Hadoop

What is the role of RDDs in Apache Spark? – Part 1

This blog introduces Spark’s core abstraction for working with data, the RDD (Resilient Distributed Dataset). An RDD is simply a distributed collection of elements or objects (Java, Scala, Python, and user defined functions) across the Spark cluster. In Spark, all work is expressed in three ways as follows,

  • Creating new RDDs
  • Transforming existing RDDs
  • Calling operations on RDDs to compute a result

RDD Foundations

RDD in Spark is simple an immutable distributed collection of objects, each split into multiple partitions. We create RDDs in two ways as like,

  • By loading an external dataset
  • By distributing a collection of objects in their driver program

Once the RDDs are created it offers two types of operations such as,

  • Transformations
  • Actions

Transformations construct a new RDD from a previous one [filter, map, groupBy] and Actions on other hands compute result based on an RDD either it return to driver program or save it to an external storage system (HDFS, S3, Cassandra, HBase, etc.,) [first, count, collect, save].
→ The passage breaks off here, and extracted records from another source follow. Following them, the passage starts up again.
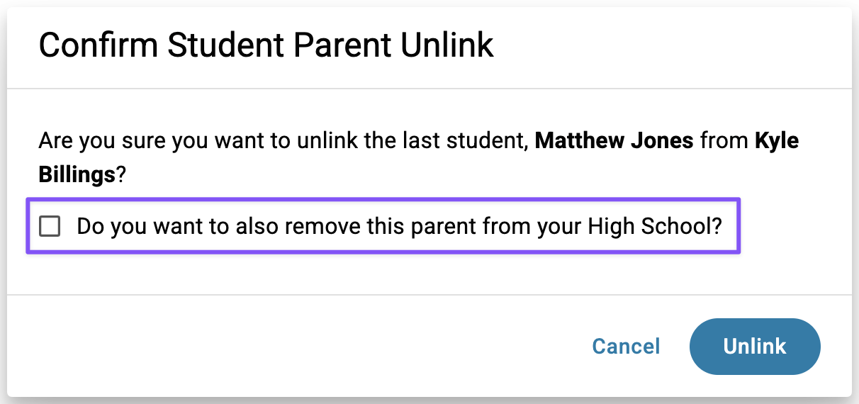 - Leave it unchecked if you only want to unlink them from the student.
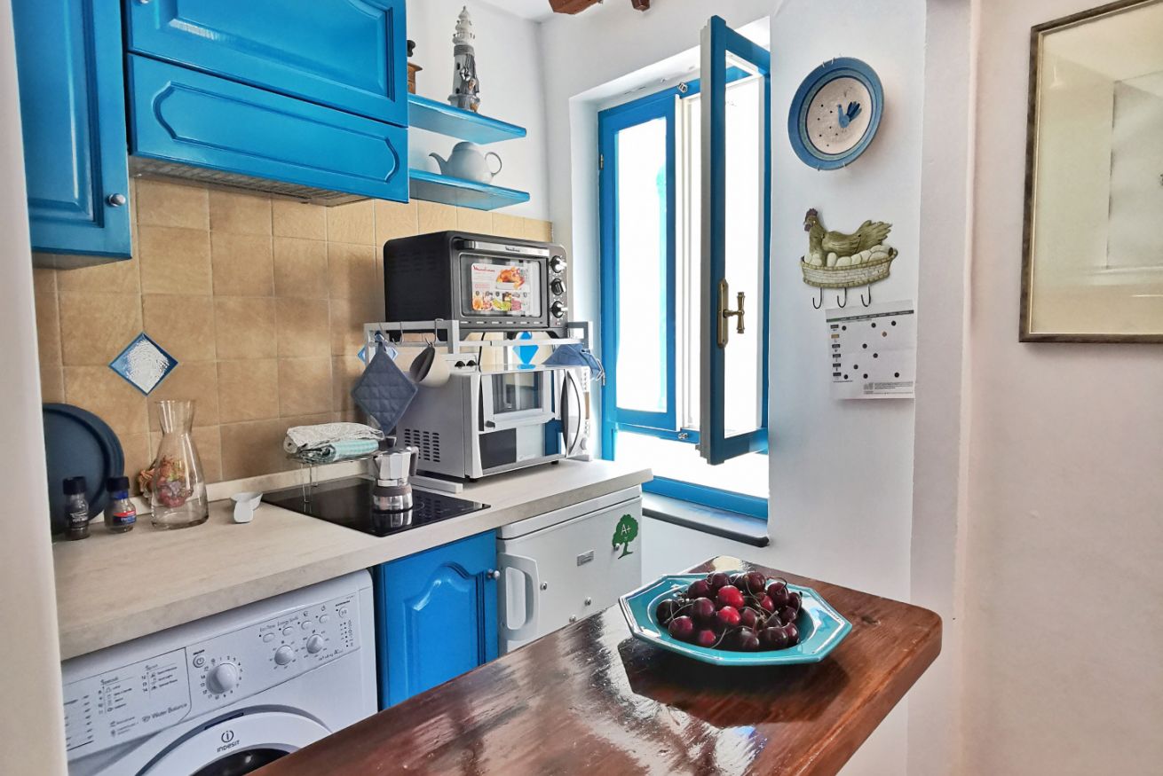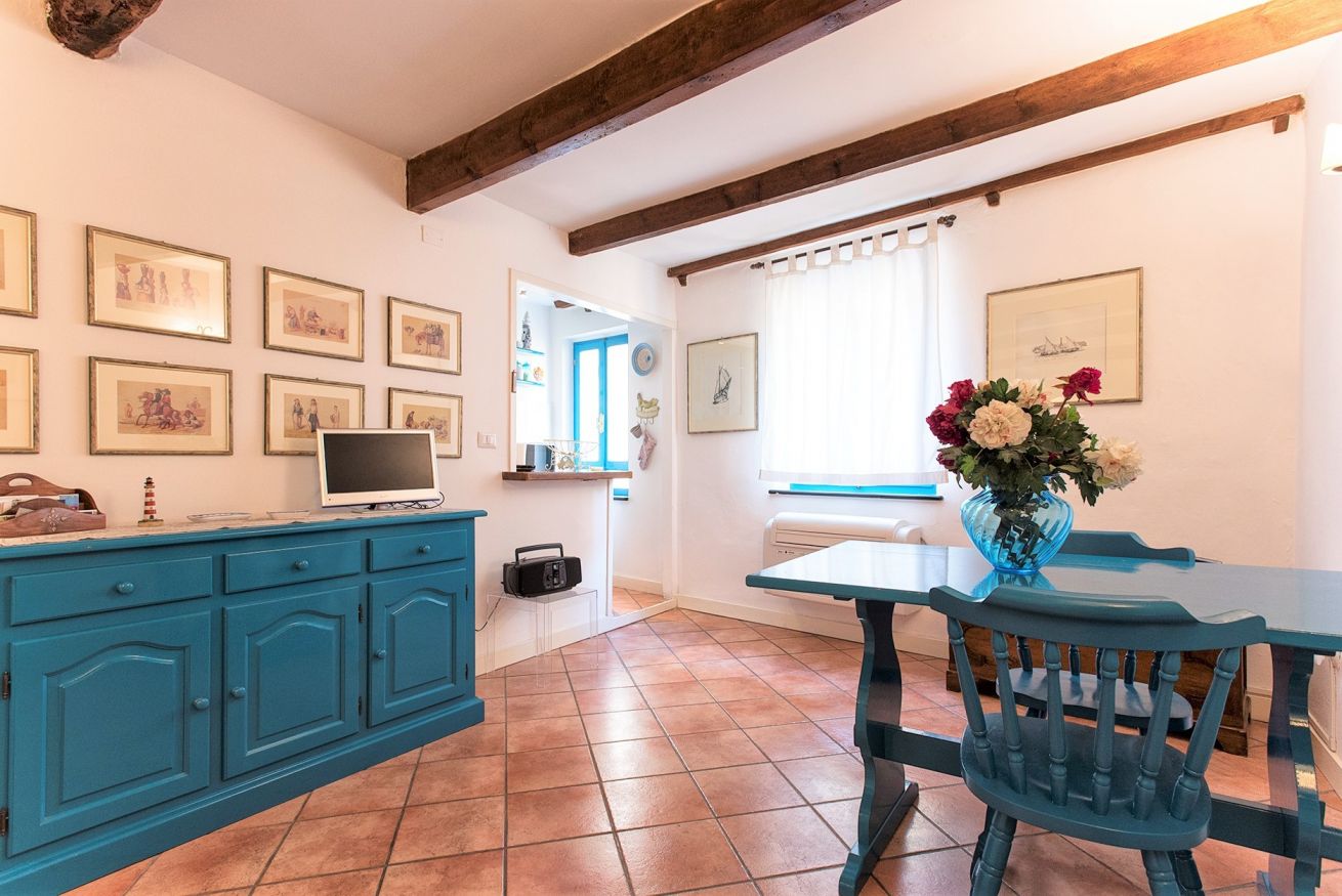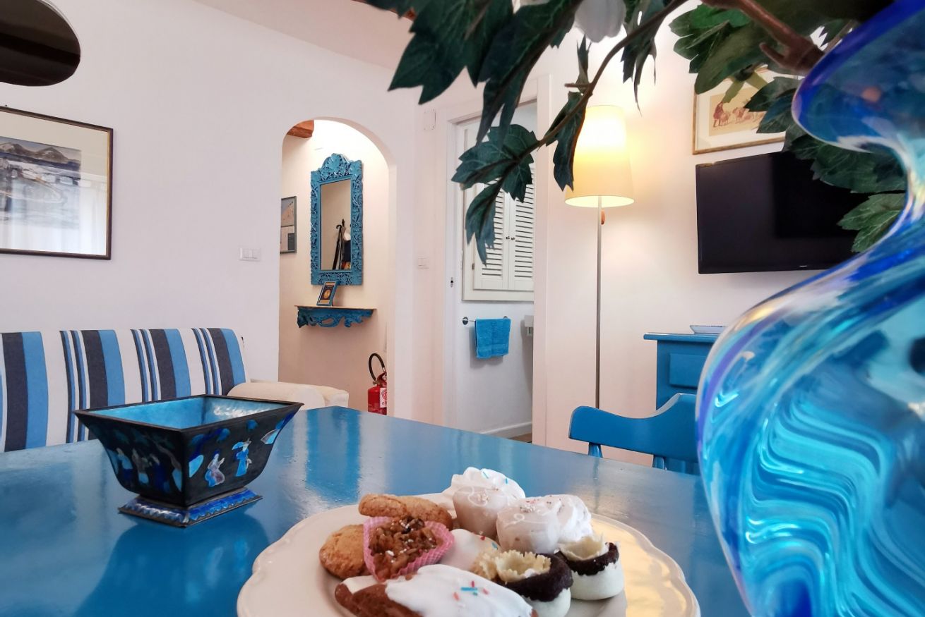 Confortevole nido turchese nel cuore del centro storico. Soggiorno con divano letto matrimoniale, rifinito angolo cottura con finestra e lavatrice; camera "alcova" matrimoniale con tenda e oblò; bagno e cucina rinnovati nel 2020. SECONDO PIANO No ascensore, scale ripide ma nuove.
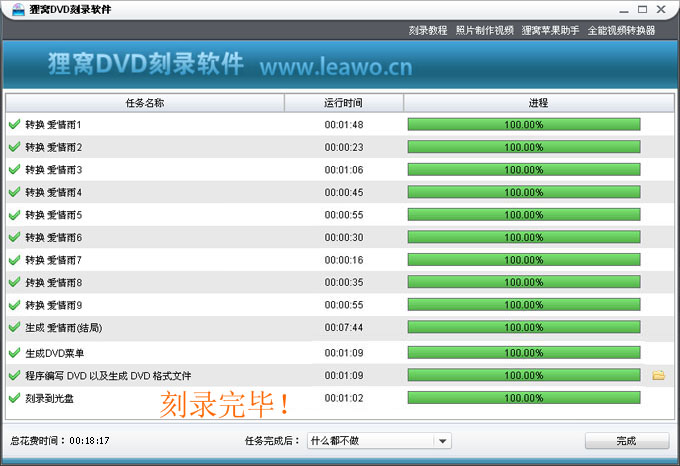 設置好相關參數(shù)后,放入空白刻錄盤,單擊“立即刻錄”按鈕,開始刻錄進程??啼浲戤吅?,刻錄機會自動彈出刻好的DVD光盤。證明整個刻錄操作完畢。呵呵,可以把刻好的光盤拿到DVD影碟機上播放看看了。
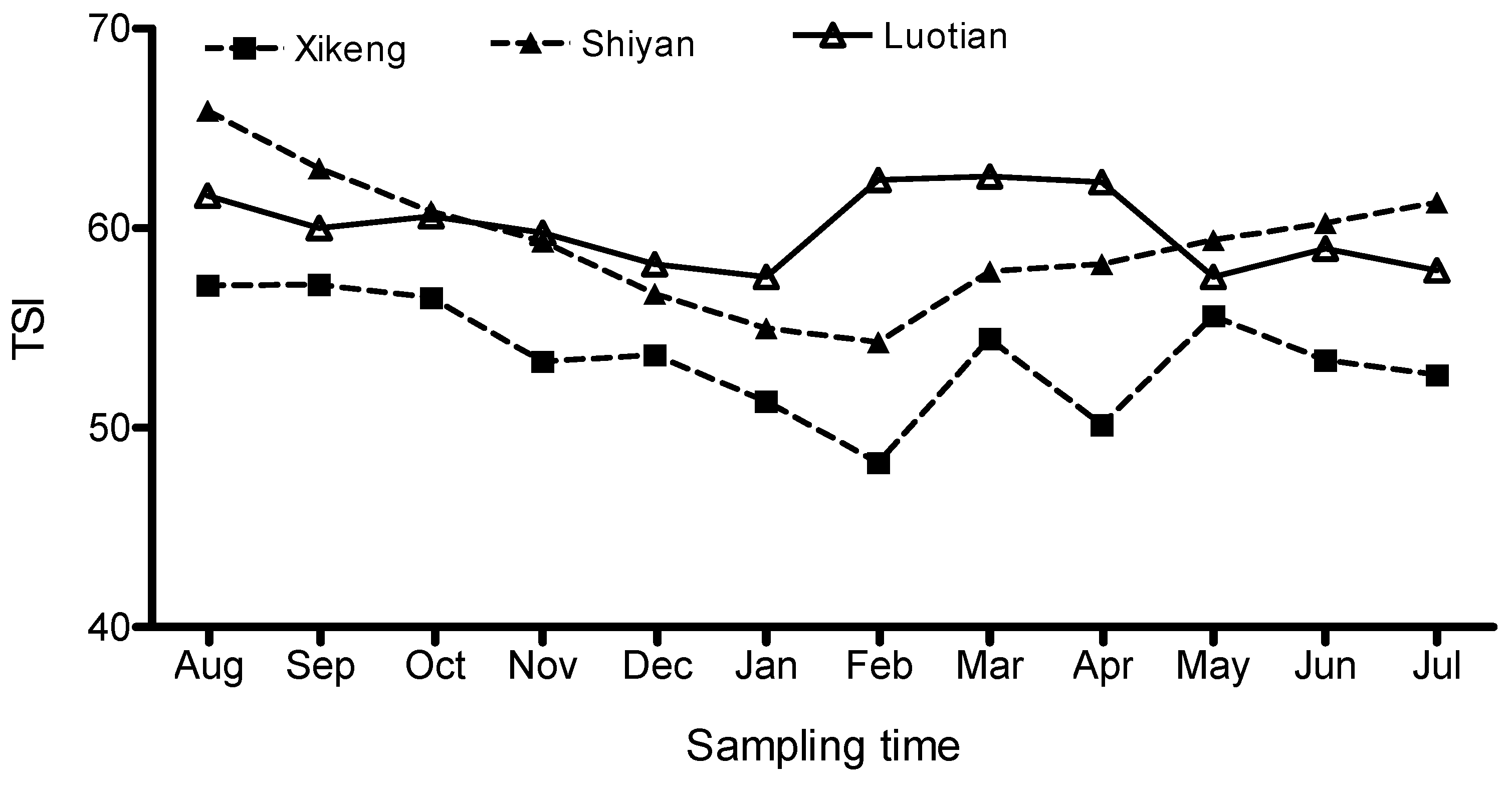 Spatial and seasonal fluctuations of the TSI of the three reservoirs are shown in Figure 2. The TSI seasonal variation of three reservoirs showed a similar trend, decreasing from August, reaching a minimum around February, and then increasing slowly again. The TSI in the hot wet months of late summer and early autumn (May to October) were generally higher than that in the mild dry months of winter and spring (November to April). However, the TSI in Luo-tian Reservoir was a bit higher than the other two in late winter and early spring (February to April). Spatially, the TSI value was similar among the three reservoirs, although it was slightly lower in Xi-keng than that in the other two reservoirs. These results indicated that trophic status was similar among the three reservoirs, and it was slightly less in the Xi-keng Reservoir than the other two.
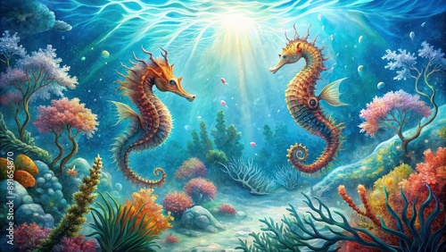 Dreamy underwater landscape with dancing seahorses, swirling currents

Transformations and actions are different because of the way Spark computes RDDs, as we can able to define the new RDDs any time. Spark computes them only in a lazy fashion that is nothing but when used first time in action.

Finally, the RDDs are by default recomputed each time when we run an action on them, if we want to use multiple times then we can ask Spark to persist by using RDD.persist().

RDD presist

Listed are the number of ways and options to use for persisting RDD in Spark and if we wanted to replicate the data on two machines then we need to add _2 at the end of storage level. In production practices, we will often use persist () to load the subset of the data into memory which could be query frequently. And, the cache() is the same calling persists() with default storage level.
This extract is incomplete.